Buildings ‘still unsafe’
Four years after the deadly Campus Trendz Boutique fire on Tudor Street, Bridgetown, director of the September 3 Foundation, David Comissiong, says little has been done to fix substandard conditions in many commercial buildings across the island.
During a Press conference at the Clement Payne Cultural Centre on Crumpton Street, The City, yesterday to outline activities to mark the anniversary of the fire that claimed the lives of Shanna Griffith, Nikkita Belgrave, Pearl Cornelius, Tiffany Harding, Kellishaw Olivierre and Kelly Ann Welch, Comissiong said: “It was our assumption that even without asking for it, the authorities would have recognised that a particular kind of response was merited.”

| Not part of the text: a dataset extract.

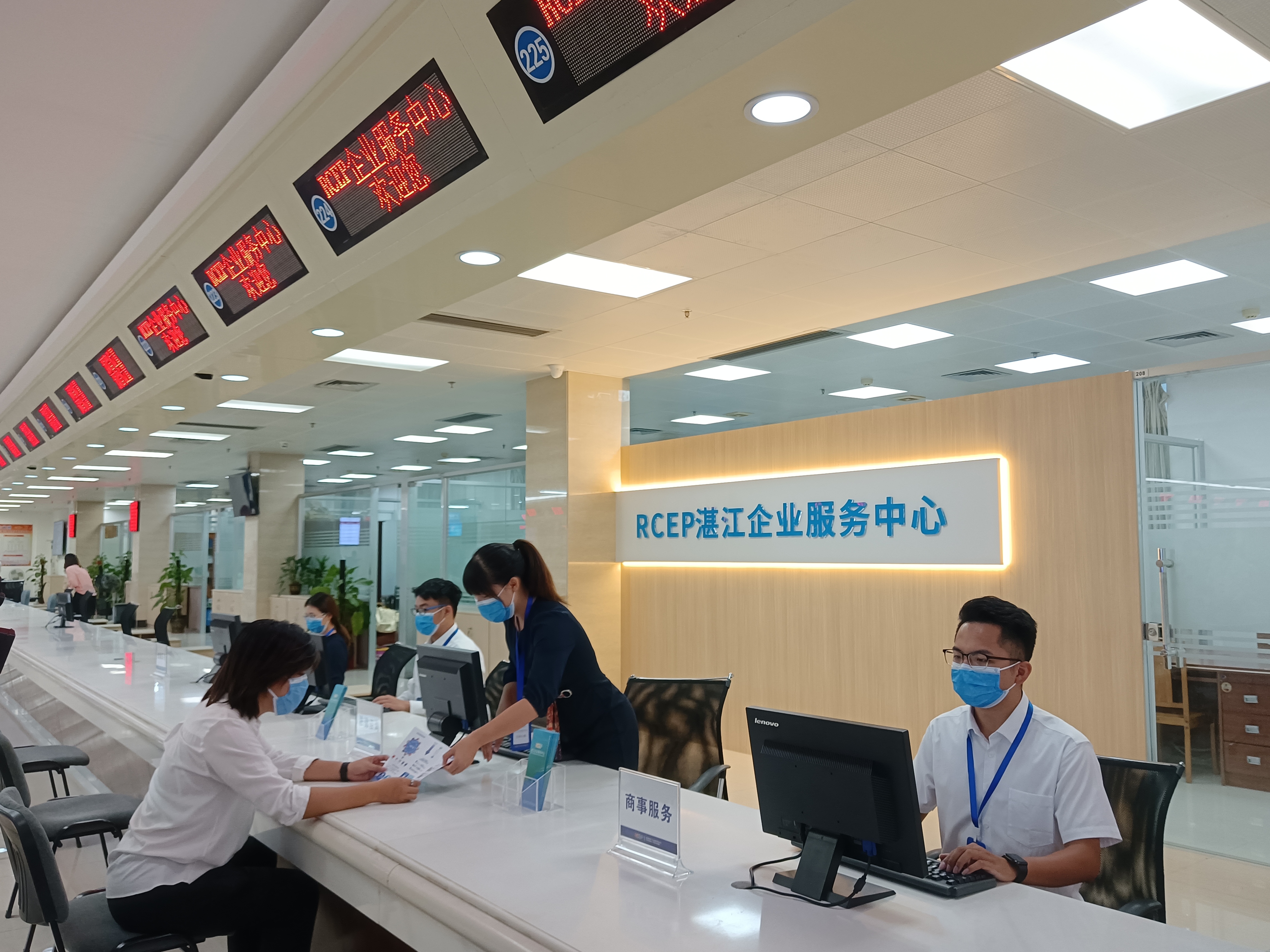 RCEP湛江企业服务中心依托在湛江市行政服务中心二楼专区,在为企业提供行政审批、税务、商事证明等便捷的政务服务同时,还将根据RCEP市场及RCEP成员国经贸核心业务,与各类贸易、金融、法律等机构深度合作,不断完善服务体系,为企业提供贸易运输保险、国际贸易物流、信用保险、企业培训、会展会务、普惠金融、涉外法律顾问等外贸商事配套服务和增值服务。

The lack of proper fire escapes, the phenomenon of the one-door shops in Barbados and the lack of proper safety mechanisms were identified as ongoing problems, which Comissiong said he hoped would be addressed by the Town and Country Planning Department as new commercial buildings were developed.
However, he expressed concern about existing buildings and called on Government to put the necessary funding or assistance programmes in place to give building owners avenues to retrofit their properties.
“If you have buildings that were not built according to those standards, then we are saying to them now to make the renovations to adhere to the new standards. There also needs to be a formal programme that provides funding, loans or assistance to building owners.”